Regarding the patch, I think that it's better to add the comment about
why current_size needs to be counted including new pages.
Regards,
--
Fujii Masao
Advanced Computing Technology Center
Research and Development Headquarters
NTT DATA CORPORATION
-----Original Message-----
From: Fujii Masao <masao.fujii@oss.nttdata.com>
Sent: Friday, April 2, 2021 2:39 PM
To: Shinya11.Kato@nttdata.com; pgsql-hackers@postgresql.org
Subject: Re: Fix pg_checksums progress reportOn 2021/04/02 14:23, Shinya11.Kato@nttdata.com wrote:
Hi,
I found a problem with the pg_checksums.c.
The total_size is calculated by scanning the directory.
The current_size is calculated by scanning the files, but the current_size doesnot include the size of NewPages.
This may cause pg_checksums progress report to not be 100%.
I have attached a patch that fixes this.Thanks for the report and patch!
I could reproduce this issue and confirmed that the patch fixes it.
Regarding the patch, I think that it's better to add the comment about why
current_size needs to be counted including new pages.
Thanks for your review.
I added a comment to the patch, and attached the new patch.
Regards,
Shinya Kato
Attachments:
fix_pg_checksums_progress_report_v2.patchapplication/octet-stream; name=fix_pg_checksums_progress_report_v2.patchDownload
diff --git a/src/bin/pg_checksums/pg_checksums.c b/src/bin/pg_checksums/pg_checksums.c
index 0223ee4408..2d078d8fbb 100644
--- a/src/bin/pg_checksums/pg_checksums.c
+++ b/src/bin/pg_checksums/pg_checksums.c
@@ -229,12 +229,17 @@ scan_file(const char *fn, BlockNumber segmentno)
}
blocks++;
+ /*
+ * The current_size is calculated before checking if header is a
+ * new page, because total_size includes the size of new pages.
+ */
+ current_size += r;
+
/* New pages have no checksum yet */
if (PageIsNew(header))
continue;
csum = pg_checksum_page(buf.data, blockno + segmentno * RELSEG_SIZE);
- current_size += r;
if (mode == PG_MODE_CHECK)
{
if (csum != header->pd_checksum)
On Fri, Apr 02, 2021 at 07:30:32AM +0000, Shinya11.Kato@nttdata.com wrote:
I added a comment to the patch, and attached the new patch.

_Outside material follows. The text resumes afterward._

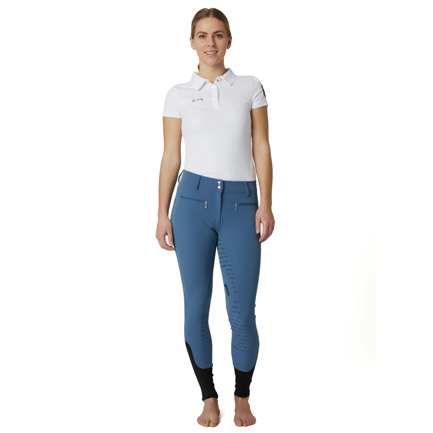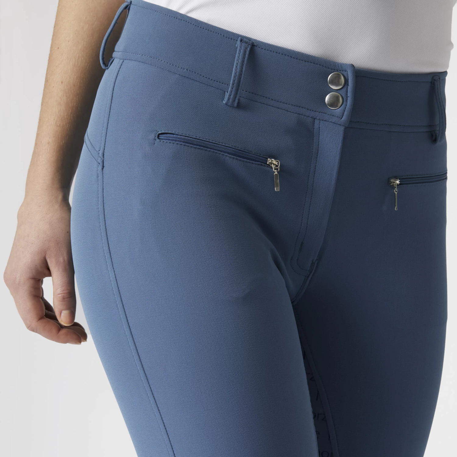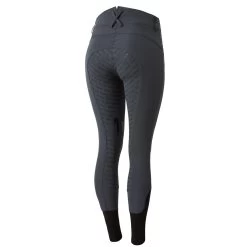 The Women’s Melody Full Seat High Waist Breeches are comfortable and stylish breeches. These high waist riding pants include a silicone print in a fun pattern which adds grip where you need it most. The crisscross belt loops make these women’s breeches a great choice for schooling. Two front zipper pockets hold keys or treats and the elastic lower leg offers comfort under tall boots. Melody Full Seat Breeches are designed with a front zipper and are made from breathable fabric that is slightly stretchy for added comfort in the saddle.

Hmm. This looks to come from 280e5f14 that introduced the progress
reports so this would need a backpatch down to 12. I have not looked
in details and have not looked at the patch yet, though. Fujii-san,
are you planning to take care of that? That was my stuff originally,
so I am fine to look at it. But not now, on a Friday afternoon :)
--
Michael
On 2021/04/02 16:47, Michael Paquier wrote:
On Fri, Apr 02, 2021 at 07:30:32AM +0000, Shinya11.Kato@nttdata.com wrote:
I added a comment to the patch, and attached the new patch.
Thanks for updating the patch!
+ /*
+ * The current_size is calculated before checking if header is a
+ * new page, because total_size includes the size of new pages.
+ */
+ current_size += r;
I'd like to comment more. What about the following?

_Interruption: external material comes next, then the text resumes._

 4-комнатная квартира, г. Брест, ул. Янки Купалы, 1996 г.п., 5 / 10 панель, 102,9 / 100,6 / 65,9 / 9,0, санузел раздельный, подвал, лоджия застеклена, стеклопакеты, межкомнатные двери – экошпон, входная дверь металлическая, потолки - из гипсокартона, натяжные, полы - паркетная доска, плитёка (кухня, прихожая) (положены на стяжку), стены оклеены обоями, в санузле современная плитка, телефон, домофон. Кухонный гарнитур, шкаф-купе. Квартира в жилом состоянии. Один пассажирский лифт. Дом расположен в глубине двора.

---------------------------
Since the file size is counted as total_size for progress status information, the sizes of all pages including new ones in the file should be counted as current_size. Otherwise the progress reporting calculated using those counters may not reach 100%.
---------------------------
Hmm. This looks to come from 280e5f14 that introduced the progress
reports so this would need a backpatch down to 12.
Yes.
I have not looked
in details and have not looked at the patch yet, though. Fujii-san,
are you planning to take care of that?
Yes, I will. Thanks for the consideration!
Regards,
--
Fujii Masao
Advanced Computing Technology Center
Research and Development Headquarters
NTT DATA CORPORATION
-----Original Message-----
From: Fujii Masao <masao.fujii@oss.nttdata.com>
Sent: Friday, April 2, 2021 6:03 PM
To: Michael Paquier <michael@paquier.xyz>; Shinya11.Kato@nttdata.com
Cc: pgsql-hackers@postgresql.org
Subject: Re: Fix pg_checksums progress reportOn 2021/04/02 16:47, Michael Paquier wrote:
On Fri, Apr 02, 2021 at 07:30:32AM +0000, Shinya11.Kato@nttdata.com wrote:
I added a comment to the patch, and attached the new patch.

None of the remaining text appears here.